Blackwater v. Fred Chappell
Two book reviews from my household in the Indy this week: my review of Master of War: Blackwater USA’s Erik Prince and the Business of War and Jaimee’s review of Fred Chappell’s latest book of poems, Shadow Box.
In a related sidebar, Lisa Sorg asks: “What’s the difference between Daniel Boyd and Blackwater’s Erik Prince?”
Monday Night 2
Monday night 2!
* 61 Essential Postmodern Reads: An Annotated List. (Absalom, Absalom!? Hamlet? Really?)
* Nature’s right to exist comes to Shapleigh, Maine. Via MeFi.

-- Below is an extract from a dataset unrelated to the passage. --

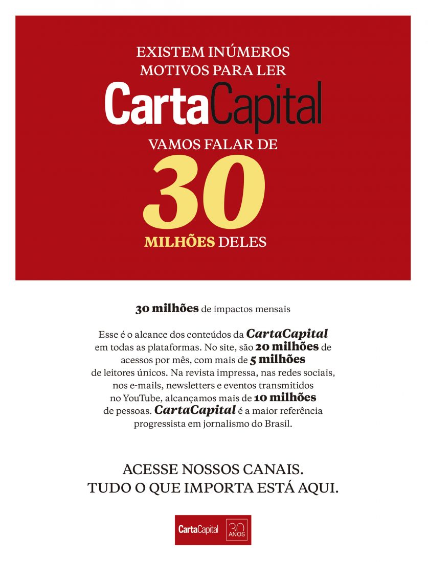 CartaCapital não tem o apoio de bancos e fundações. Sobrevive, unicamente, da venda de anúncios e projetos e das contribuições de seus leitores. E seu apoio, leitor, é cada vez mais fundamental.

* The Harvard Crimson reports that Henry Louis Gates was apparently arrested yesterday for trying to break into his own home. Post-racial America is awesome. (via SEK)
* Also from SEK: scientific proof Powerpoint sucks.
* Inside Blackwater, the corporation so evil they forgot to give it a non-evil name.
There Was Only One Catch
“That’s some catch, that catch-22,” he observed.
“It’s the best there is,” Doc Daneeka agreed.
If it weren’t for Keith Olbermann’s excellent Milo Minderbinder reference, this Countdown segment on the granting of Catch-22-esque immunity to Blackwater would be one of the most depressing things I’ve ever seen. It makes me feel, well, like this dog.